Below are several entries. Transcribe exactly those lines that fall from the one with "When completed becomes" through the one with "雅安交建集團(tuán)項(xiàng)", end lines included.

Records to process: Begin

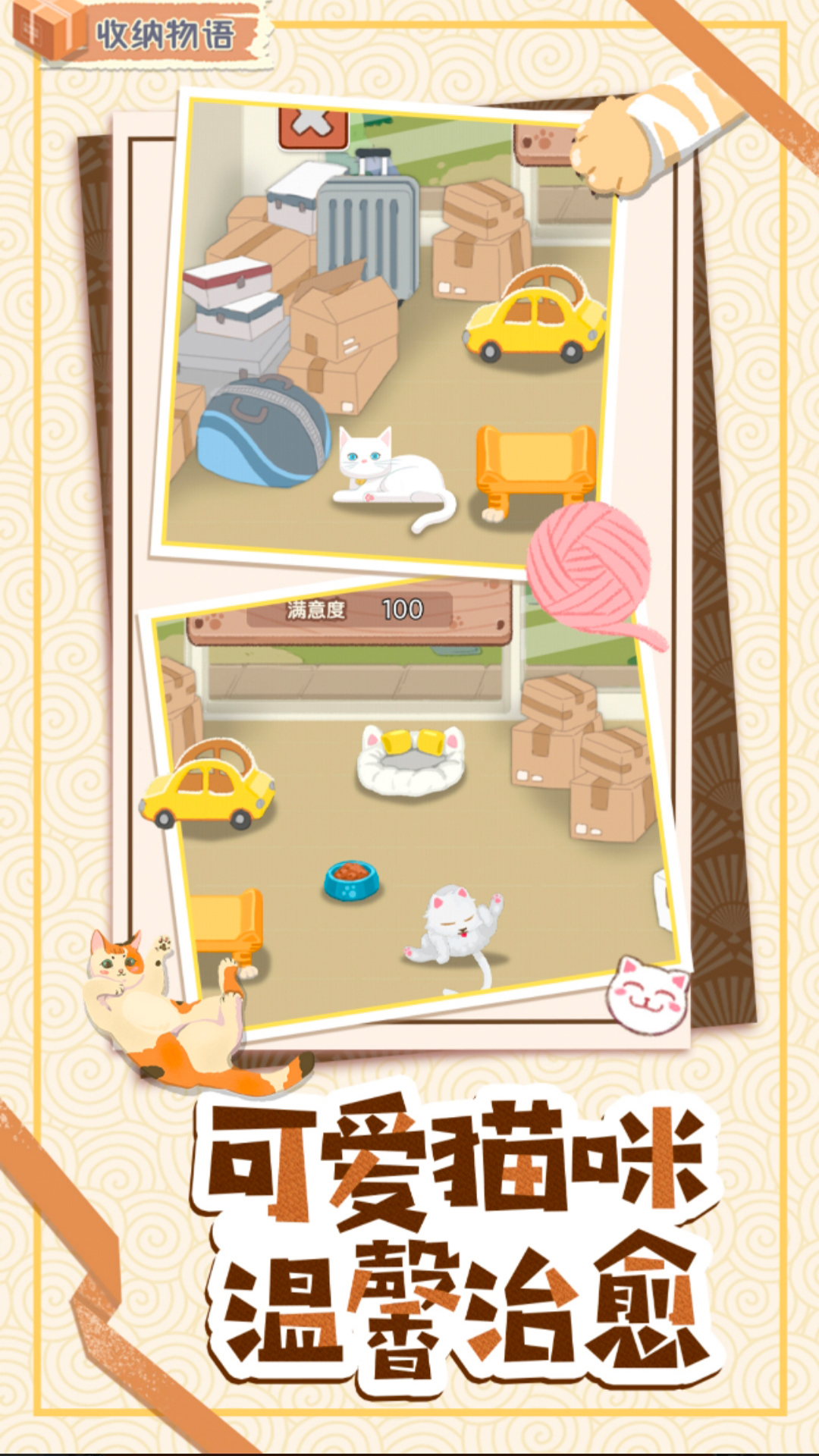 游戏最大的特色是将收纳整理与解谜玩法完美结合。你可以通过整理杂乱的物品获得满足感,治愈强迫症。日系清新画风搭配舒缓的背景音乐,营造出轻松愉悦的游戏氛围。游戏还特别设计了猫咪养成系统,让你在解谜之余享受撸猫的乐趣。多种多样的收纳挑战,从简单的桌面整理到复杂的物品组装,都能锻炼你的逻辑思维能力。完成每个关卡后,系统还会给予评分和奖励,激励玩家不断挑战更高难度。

Records to process: End
Records to process: Begin

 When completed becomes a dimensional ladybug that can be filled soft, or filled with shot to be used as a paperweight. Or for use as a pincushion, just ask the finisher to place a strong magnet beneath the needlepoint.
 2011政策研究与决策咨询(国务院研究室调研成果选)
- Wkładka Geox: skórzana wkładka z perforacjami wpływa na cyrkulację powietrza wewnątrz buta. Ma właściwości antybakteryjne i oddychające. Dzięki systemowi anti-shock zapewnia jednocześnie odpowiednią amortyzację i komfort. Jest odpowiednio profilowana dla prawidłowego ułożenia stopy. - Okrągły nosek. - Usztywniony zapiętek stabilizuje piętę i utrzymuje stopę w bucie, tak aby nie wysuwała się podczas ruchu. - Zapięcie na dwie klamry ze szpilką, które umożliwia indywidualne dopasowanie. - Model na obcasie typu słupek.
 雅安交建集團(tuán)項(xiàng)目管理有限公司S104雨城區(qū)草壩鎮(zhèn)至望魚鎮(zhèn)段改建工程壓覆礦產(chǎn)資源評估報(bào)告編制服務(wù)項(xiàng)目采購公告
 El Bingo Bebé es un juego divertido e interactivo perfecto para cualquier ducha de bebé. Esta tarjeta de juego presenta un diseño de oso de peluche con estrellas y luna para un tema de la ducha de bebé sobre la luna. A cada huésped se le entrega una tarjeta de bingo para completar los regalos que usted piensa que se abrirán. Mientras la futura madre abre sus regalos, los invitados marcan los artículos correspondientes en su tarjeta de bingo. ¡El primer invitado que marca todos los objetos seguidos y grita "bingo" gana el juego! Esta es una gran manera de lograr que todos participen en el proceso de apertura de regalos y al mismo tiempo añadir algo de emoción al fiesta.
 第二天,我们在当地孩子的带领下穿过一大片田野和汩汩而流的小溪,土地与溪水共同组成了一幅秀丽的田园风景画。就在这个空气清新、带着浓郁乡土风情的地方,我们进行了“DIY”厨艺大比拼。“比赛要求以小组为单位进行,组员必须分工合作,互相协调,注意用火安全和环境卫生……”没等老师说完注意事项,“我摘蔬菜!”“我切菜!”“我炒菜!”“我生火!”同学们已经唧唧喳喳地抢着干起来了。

Records to process: End

* **Task answer**:
 When completed becomes a dimensional ladybug that can be filled soft, or filled with shot to be used as a paperweight. Or for use as a pincushion, just ask the finisher to place a strong magnet beneath the needlepoint.
 2011政策研究与决策咨询(国务院研究室调研成果选)
- Wkładka Geox: skórzana wkładka z perforacjami wpływa na cyrkulację powietrza wewnątrz buta. Ma właściwości antybakteryjne i oddychające. Dzięki systemowi anti-shock zapewnia jednocześnie odpowiednią amortyzację i komfort. Jest odpowiednio profilowana dla prawidłowego ułożenia stopy. - Okrągły nosek. - Usztywniony zapiętek stabilizuje piętę i utrzymuje stopę w bucie, tak aby nie wysuwała się podczas ruchu. - Zapięcie na dwie klamry ze szpilką, które umożliwia indywidualne dopasowanie. - Model na obcasie typu słupek.
 雅安交建集團(tuán)項(xiàng)目管理有限公司S104雨城區(qū)草壩鎮(zhèn)至望魚鎮(zhèn)段改建工程壓覆礦產(chǎn)資源評估報(bào)告編制服務(wù)項(xiàng)目采購公告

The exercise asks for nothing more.